§ Work to be completed:
Within the entries below, output exactly the lines between the line containing "Το καλοκαίρι του" and the line containing "Das Relita RENATE Hochbett ist", inclusive, and omit any picture.

§ Source data:
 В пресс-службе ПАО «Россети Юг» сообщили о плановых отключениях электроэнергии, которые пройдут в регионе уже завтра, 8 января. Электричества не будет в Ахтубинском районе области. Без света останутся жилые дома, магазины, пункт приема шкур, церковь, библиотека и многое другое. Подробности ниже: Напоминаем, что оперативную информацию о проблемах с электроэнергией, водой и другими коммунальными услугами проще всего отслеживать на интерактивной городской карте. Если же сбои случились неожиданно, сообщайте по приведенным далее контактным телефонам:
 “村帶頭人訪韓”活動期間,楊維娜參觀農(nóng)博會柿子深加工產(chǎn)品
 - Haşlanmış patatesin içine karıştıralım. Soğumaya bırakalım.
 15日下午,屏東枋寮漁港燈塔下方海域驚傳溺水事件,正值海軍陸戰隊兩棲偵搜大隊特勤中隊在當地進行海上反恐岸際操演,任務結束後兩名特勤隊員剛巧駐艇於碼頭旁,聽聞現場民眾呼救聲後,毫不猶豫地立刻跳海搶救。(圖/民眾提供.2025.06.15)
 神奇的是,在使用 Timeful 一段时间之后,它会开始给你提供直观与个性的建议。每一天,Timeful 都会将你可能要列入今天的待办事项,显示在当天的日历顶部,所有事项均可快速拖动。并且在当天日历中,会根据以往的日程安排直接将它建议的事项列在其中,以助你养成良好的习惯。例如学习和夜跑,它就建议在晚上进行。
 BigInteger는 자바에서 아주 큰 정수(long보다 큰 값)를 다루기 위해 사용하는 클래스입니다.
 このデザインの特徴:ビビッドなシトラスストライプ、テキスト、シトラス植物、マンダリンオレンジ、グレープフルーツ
==
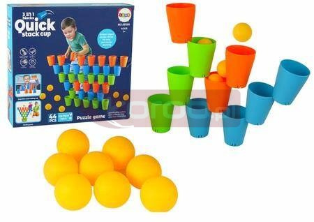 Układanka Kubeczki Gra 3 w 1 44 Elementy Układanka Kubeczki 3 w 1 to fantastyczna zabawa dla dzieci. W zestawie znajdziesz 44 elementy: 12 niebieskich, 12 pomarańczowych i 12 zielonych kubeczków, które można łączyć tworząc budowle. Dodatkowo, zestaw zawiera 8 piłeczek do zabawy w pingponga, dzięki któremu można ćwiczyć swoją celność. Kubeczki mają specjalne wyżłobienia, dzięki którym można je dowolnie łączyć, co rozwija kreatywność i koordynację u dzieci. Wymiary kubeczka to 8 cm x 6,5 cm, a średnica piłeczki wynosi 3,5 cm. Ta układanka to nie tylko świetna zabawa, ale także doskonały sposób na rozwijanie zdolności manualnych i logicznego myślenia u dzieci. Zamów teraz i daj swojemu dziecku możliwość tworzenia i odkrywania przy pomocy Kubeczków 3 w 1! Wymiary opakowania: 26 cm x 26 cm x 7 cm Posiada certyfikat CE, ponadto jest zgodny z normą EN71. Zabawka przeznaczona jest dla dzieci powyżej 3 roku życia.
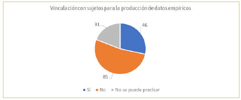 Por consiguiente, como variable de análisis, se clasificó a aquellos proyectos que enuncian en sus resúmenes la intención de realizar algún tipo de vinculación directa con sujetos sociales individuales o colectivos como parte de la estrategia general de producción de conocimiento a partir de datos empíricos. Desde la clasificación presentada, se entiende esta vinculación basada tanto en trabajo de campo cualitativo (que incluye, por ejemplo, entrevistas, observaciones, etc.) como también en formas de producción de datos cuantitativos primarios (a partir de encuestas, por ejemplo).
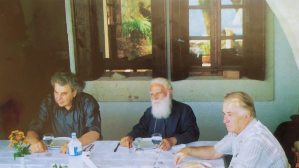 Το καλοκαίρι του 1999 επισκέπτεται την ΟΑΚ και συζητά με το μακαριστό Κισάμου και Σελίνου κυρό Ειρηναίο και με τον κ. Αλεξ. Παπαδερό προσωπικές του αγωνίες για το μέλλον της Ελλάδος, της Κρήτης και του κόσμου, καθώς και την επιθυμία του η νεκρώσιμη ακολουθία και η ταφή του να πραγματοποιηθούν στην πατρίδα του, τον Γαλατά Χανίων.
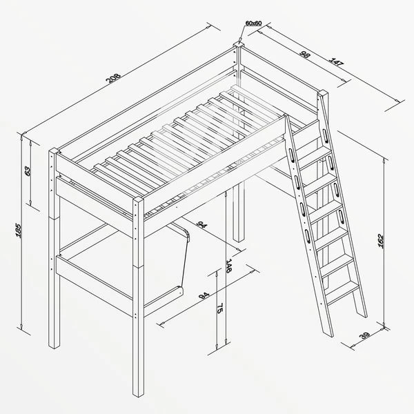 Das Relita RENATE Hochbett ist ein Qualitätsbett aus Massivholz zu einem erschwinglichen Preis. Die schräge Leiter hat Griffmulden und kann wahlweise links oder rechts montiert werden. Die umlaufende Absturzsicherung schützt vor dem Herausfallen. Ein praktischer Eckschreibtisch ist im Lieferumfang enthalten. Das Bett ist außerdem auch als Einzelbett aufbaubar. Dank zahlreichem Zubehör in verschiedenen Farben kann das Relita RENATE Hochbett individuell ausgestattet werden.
---
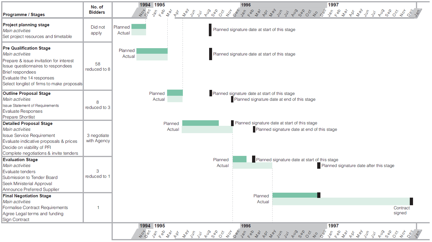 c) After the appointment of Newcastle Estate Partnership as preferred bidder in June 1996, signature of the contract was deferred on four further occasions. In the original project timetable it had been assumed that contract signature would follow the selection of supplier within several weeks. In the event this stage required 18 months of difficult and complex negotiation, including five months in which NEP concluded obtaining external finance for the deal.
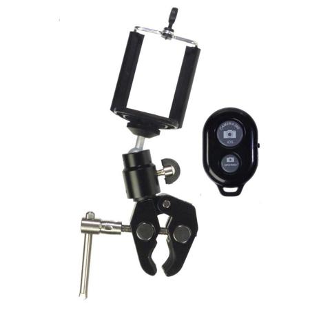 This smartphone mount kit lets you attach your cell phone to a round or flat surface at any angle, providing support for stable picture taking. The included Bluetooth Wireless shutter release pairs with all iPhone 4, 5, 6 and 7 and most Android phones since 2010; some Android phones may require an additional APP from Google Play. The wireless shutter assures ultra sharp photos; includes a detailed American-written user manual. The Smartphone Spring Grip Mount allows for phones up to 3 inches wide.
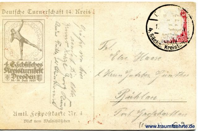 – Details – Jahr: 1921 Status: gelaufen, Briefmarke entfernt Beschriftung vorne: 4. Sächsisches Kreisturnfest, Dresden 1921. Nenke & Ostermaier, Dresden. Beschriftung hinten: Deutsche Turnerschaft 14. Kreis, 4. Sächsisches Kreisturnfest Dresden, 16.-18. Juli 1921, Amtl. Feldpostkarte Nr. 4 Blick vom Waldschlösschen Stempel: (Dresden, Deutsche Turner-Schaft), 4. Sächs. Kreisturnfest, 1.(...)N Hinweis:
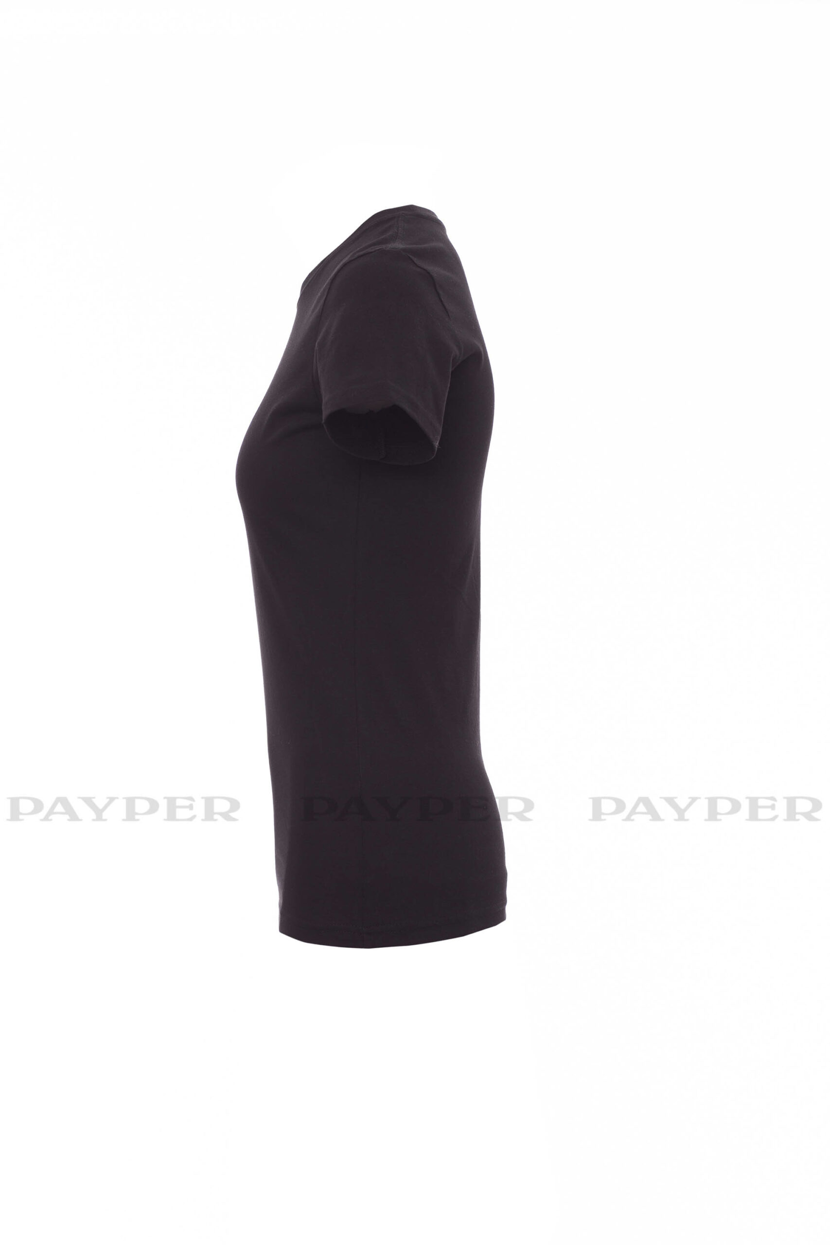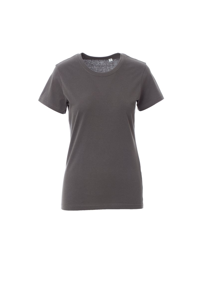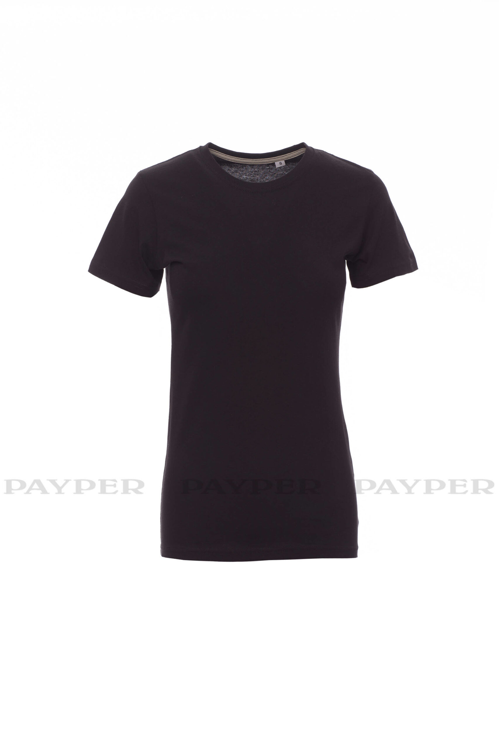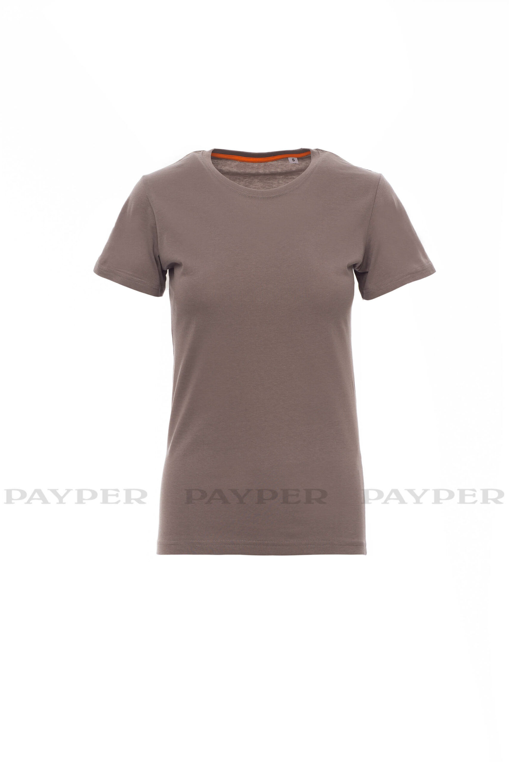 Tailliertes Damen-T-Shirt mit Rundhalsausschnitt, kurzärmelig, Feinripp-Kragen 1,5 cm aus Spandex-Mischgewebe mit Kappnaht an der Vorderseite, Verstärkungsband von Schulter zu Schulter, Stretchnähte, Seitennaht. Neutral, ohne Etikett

§ Answer to the exercise:
 Το καλοκαίρι του 1999 επισκέπτεται την ΟΑΚ και συζητά με το μακαριστό Κισάμου και Σελίνου κυρό Ειρηναίο και με τον κ. Αλεξ. Παπαδερό προσωπικές του αγωνίες για το μέλλον της Ελλάδος, της Κρήτης και του κόσμου, καθώς και την επιθυμία του η νεκρώσιμη ακολουθία και η ταφή του να πραγματοποιηθούν στην πατρίδα του, τον Γαλατά Χανίων.
 Das Relita RENATE Hochbett ist ein Qualitätsbett aus Massivholz zu einem erschwinglichen Preis. Die schräge Leiter hat Griffmulden und kann wahlweise links oder rechts montiert werden. Die umlaufende Absturzsicherung schützt vor dem Herausfallen. Ein praktischer Eckschreibtisch ist im Lieferumfang enthalten. Das Bett ist außerdem auch als Einzelbett aufbaubar. Dank zahlreichem Zubehör in verschiedenen Farben kann das Relita RENATE Hochbett individuell ausgestattet werden.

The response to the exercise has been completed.